Africa's limited infrastructure for distilling and transporting fossil fuels is one of them, the study found.
But Robert J. van der Plas, an energy consultant in the Netherlands, disagreed. In a review of the Bailis team's study, he wrote that "kerosene is available in every nook and cranny of the urban and rural environment" in Africa.
The real problem, he noted in a study of energy use in Chad published earlier this year, is money. "A household would have to at least double its cooking fuel budget to switch to modern fuels, and there are not many households willing -- or able -- to do this."
As long as a switch to petroleum-based fuels is out of reach economically, Bailis and his team believe that in sub-Saharan Africa, the next best approach would be to switch to charcoal. It offers twice as much energy per unit of weight, Bailis said. It resists rot, termites will not eat it, "and compared to wood, it's fairly clean-burning."
Depending on how quickly the transition took place, the researchers said, using charcoal could prevent 1 million to 2.8 million premature deaths.
Switching from wood to charcoal, however, raises another set of issues.
To make charcoal, one or two men usually cut down a tree, light it, cover it with dirt and wait a few days for the end product -- a method that creates significant air pollution. However, if you "increase the efficiency of charcoal-making, you can improve health without having large environmental consequences," said Ezzati, an assistant professor at Harvard's School of Public Health.
Bailis also acknowledged that wider use of charcoal would do little to reduce deforestation. "We want the people who make these policies . . . to think about what kind of land-management policies can be put in place . . . for sustainable energy," he said.

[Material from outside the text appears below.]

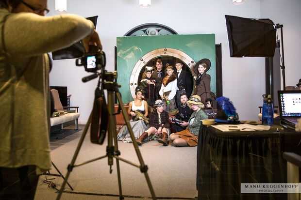 No puede haber un baile de disfraces sin una cabina de fotos, así que sabíamos que necesitábamos hacer una proposición interesante para el telón de fondo de la foto. Decidimos hacer un ojo de buey grande, como se puede ver en Nautilus de Jules Verne o un dirigible de steampunk.

WHO points out that reducing indoor air pollution would make progress toward at least half of the millennium development goals for improving the health and welfare of poor people everywhere, which each United Nations member pledged to reach by 2015. The less time women spend collecting fuel, the more time they have for education or careers, thus fighting poverty and promoting gender equality. The less smoke children breathe, the more likely they are to live to adulthood.
Success could raise the pall from millions.